Engineering team response: “Great, more compliance work.”
February 2025. We reduced our carbon emissions by 43% and our AWS bill dropped by 31% ($340K/year savings).
Turns out: Optimizing for carbon efficiency = optimizing for cost efficiency.
This is the story of how caring about the environment accidentally made us way more profitable.
The Starting Point: $1.1M/Year AWS Spend
Before our green initiative, our infrastructure looked like most startups:
Cloud usage:
- 847 EC2 instances (24/7)
- 23TB of data processed daily
- 340 CI/CD pipeline runs daily
- 12 AWS regions
- Zero optimization
Our CI/CD carbon footprint:
Daily CI/CD emissions: 127kg CO2e
Annual CI/CD emissions: 46 metric tons CO2e
Equivalent to: Driving 114,000 miles in a gas car
Cost: $420K/year just for CI/CD infrastructure
Nobody cared until the CEO made it a company OKR.
Month 1: Measuring What We Couldn’t See
The first problem: We had no idea where our emissions came from.
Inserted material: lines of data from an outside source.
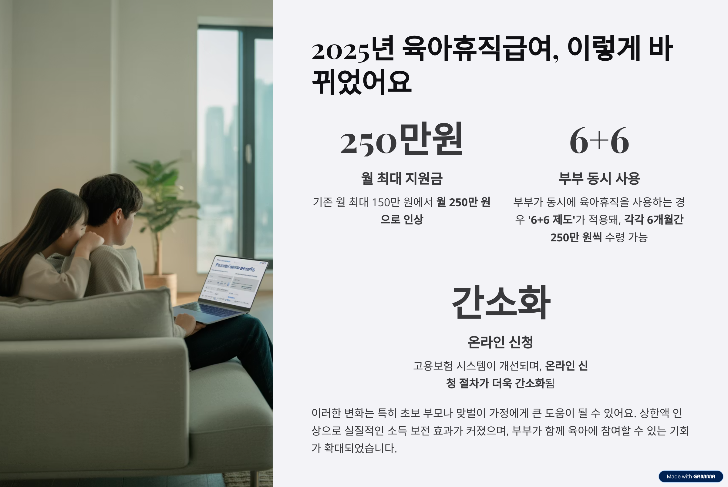 특히 2025년부터 제도가 개편되면서 상한 금액 인상, 동시 육아휴직 지원 확대 등 실질적인 혜택이 늘었어요.
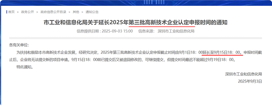 为扶持和鼓励本市高新技术企业发展,经研究决定,2025年第三批高新技术企业认定申报截止时间由9月1日18:00延长至9月15日18:00。申报时间截止后,企业将无法提交新的项目申请。9月15日18:00前已提交后又被退回修改的,可继续提交,但提交时间最迟不能超过9月19日18:00。
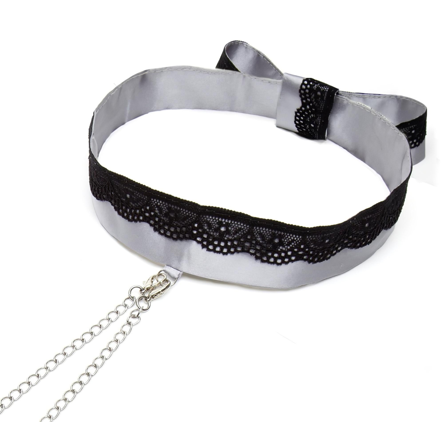 Sølvfarget satenghalsbånd, med kjede som kan feste brystklemmer.
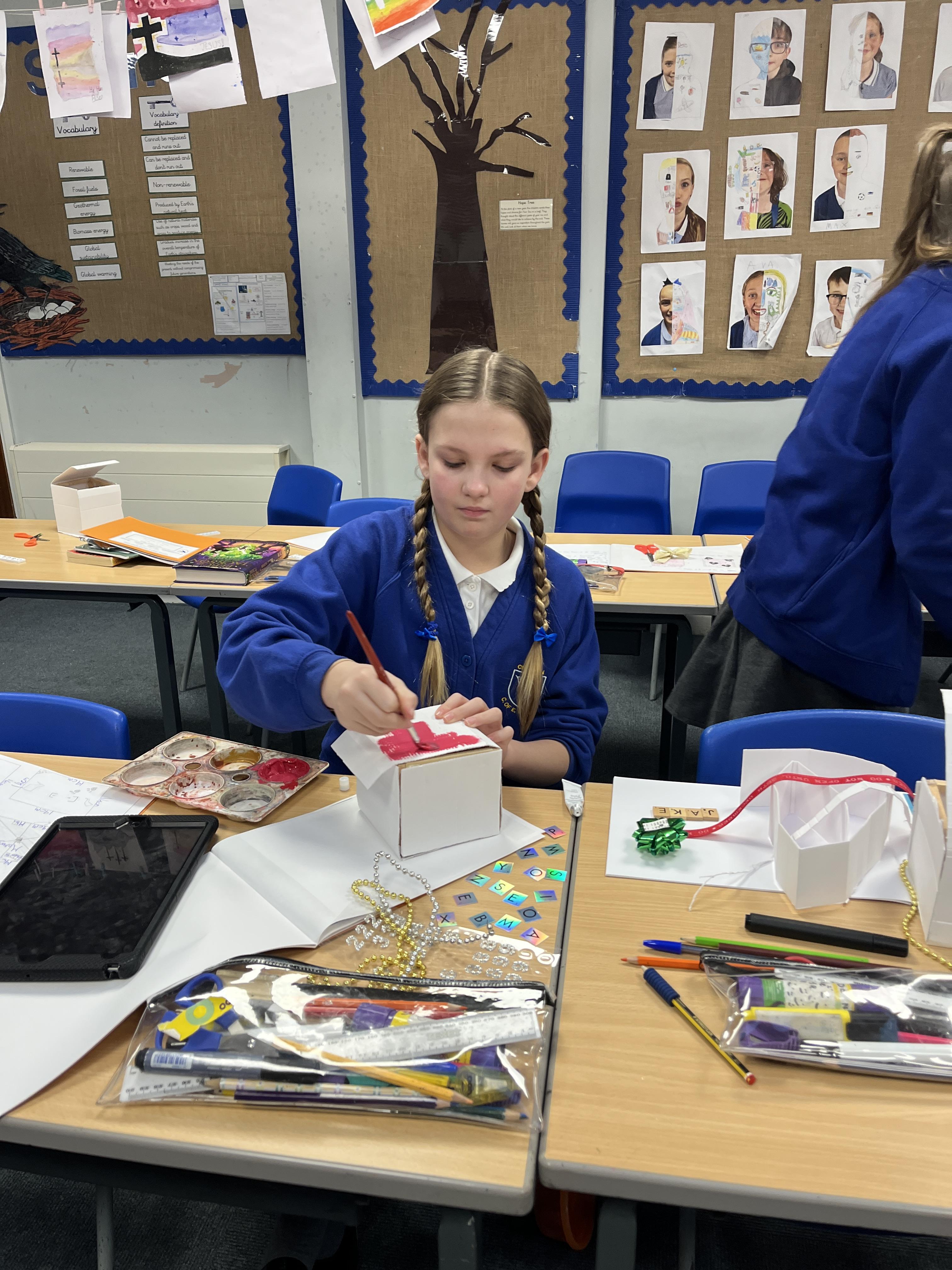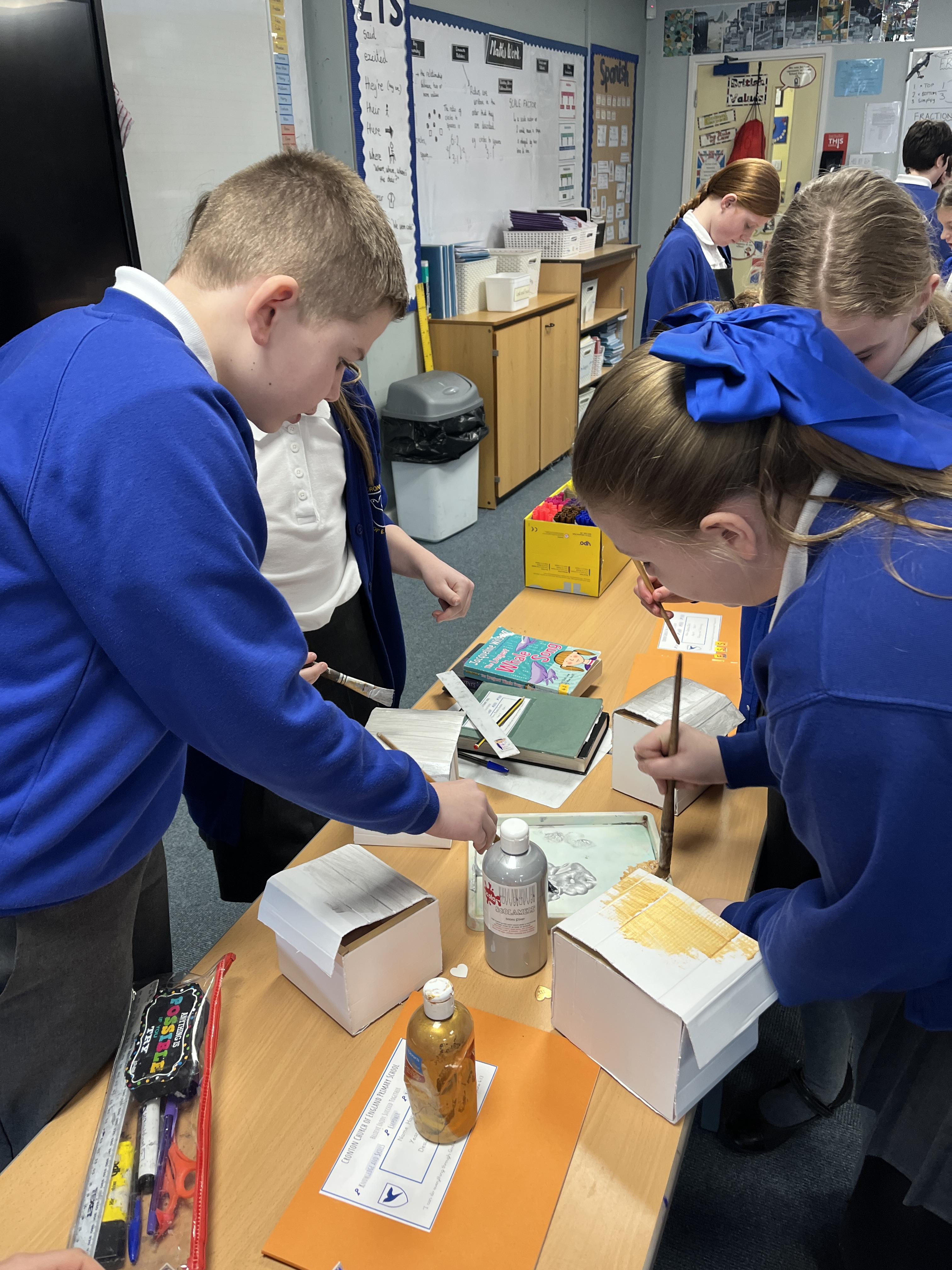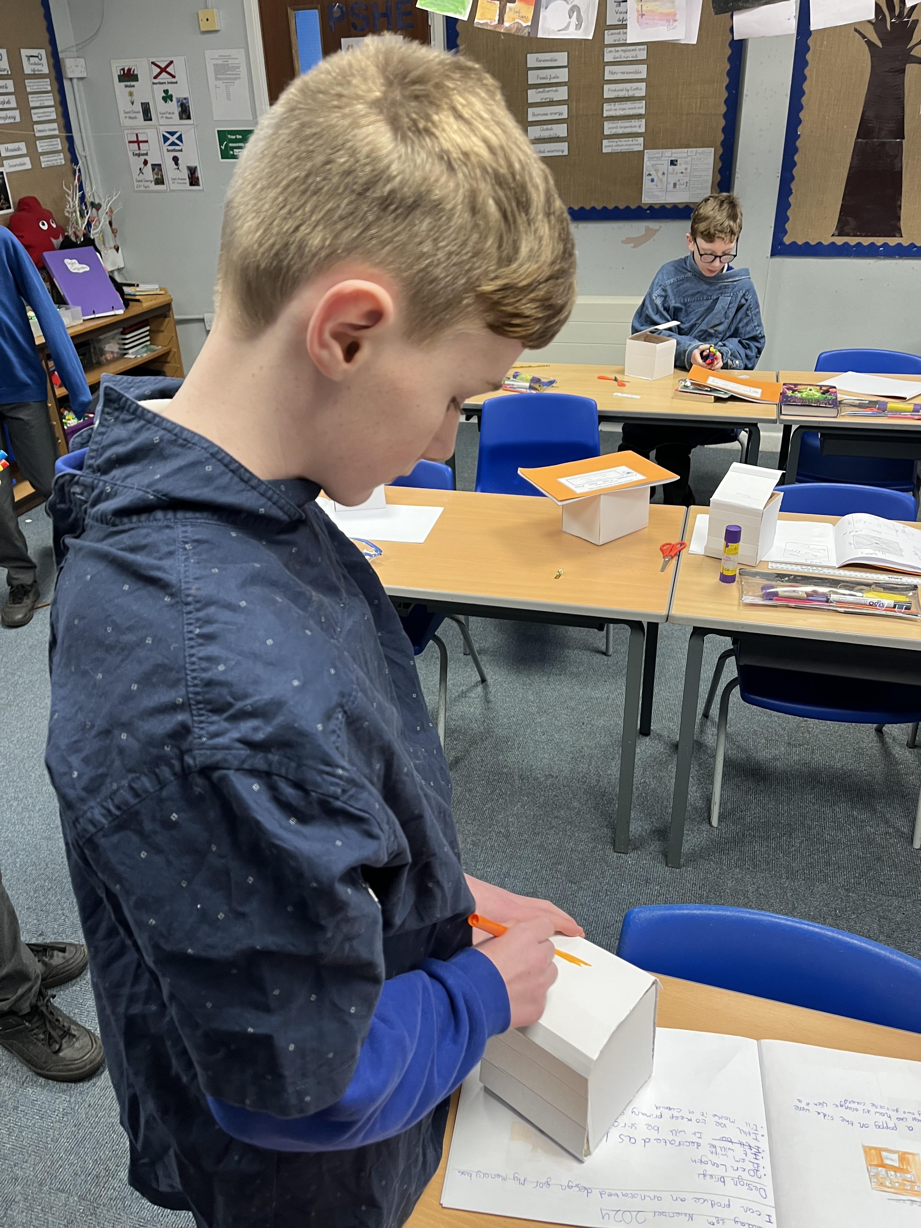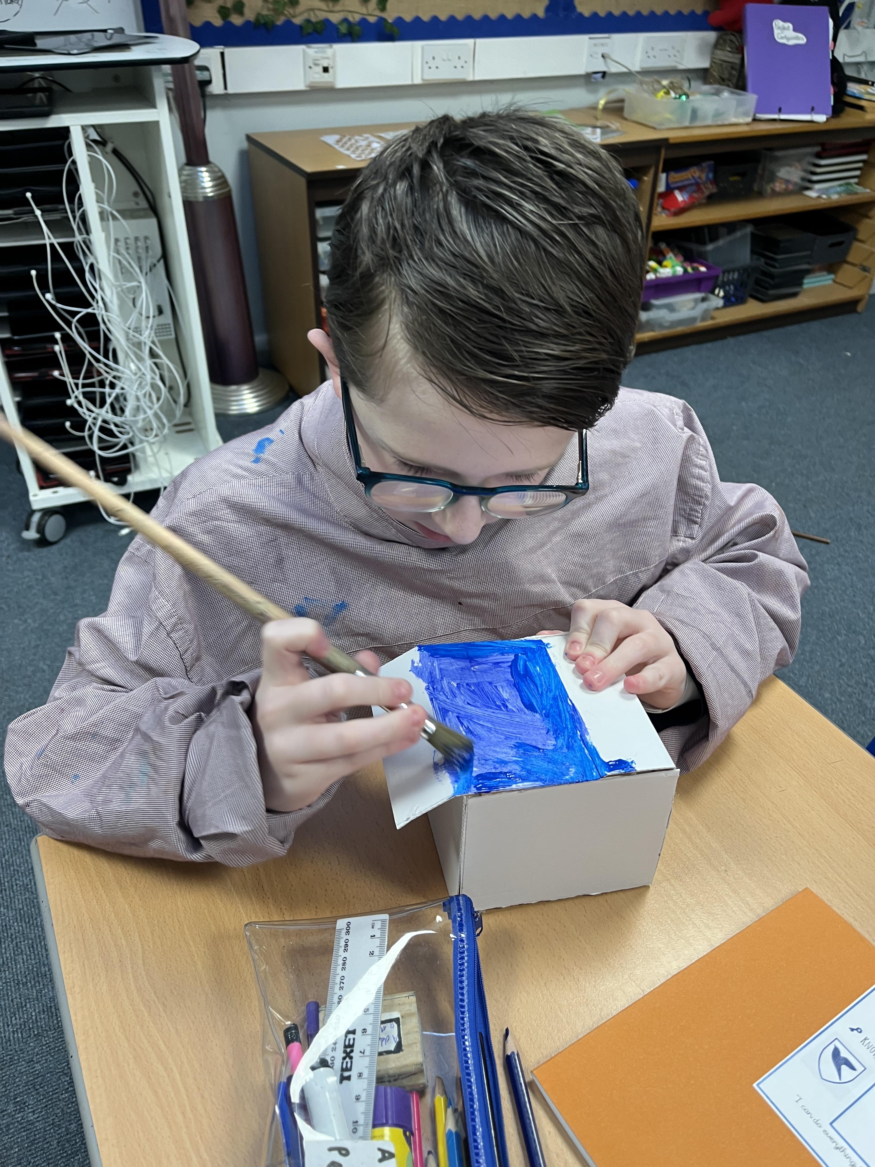 A huge thank you to Mrs Gillies (miracle worker) who helped us to move forwards with our memory boxes in DT. We are now all at the decorating stage... the product is almost finished! The children have worked really hard on these.

Installing Cloud Carbon Footprint
# Deploy carbon monitoring
git clone https://github.com/cloud-carbon-footprint/cloud-carbon-footprint
cd cloud-carbon-footprint
# Configure for AWS
cat > .env <<EOF
AWS_ACCOUNTS=["123456789"]
AWS_USE_BILLING_DATA=true
AWS_BILLING_ACCOUNT_ID=123456789
EOF
# Deploy
docker-compose up -d
What we learned in week 1:
Top carbon emitters:
- EC2 instances running 24/7: 37% of emissions
- CI/CD pipelines: 23% of emissions
- Data processing jobs: 18% of emissions
- ML model training: 12% of emissions
- Everything else: 10% of emissions
The shocking part:
- 67% of EC2 instances had <15% CPU utilization
- 340 CI/CD runs/day, only 89 actually deployed anything
- ML training ran during peak carbon hours (12PM-6PM)
- Data jobs ran on oversized instances (we needed 4 cores, used 32)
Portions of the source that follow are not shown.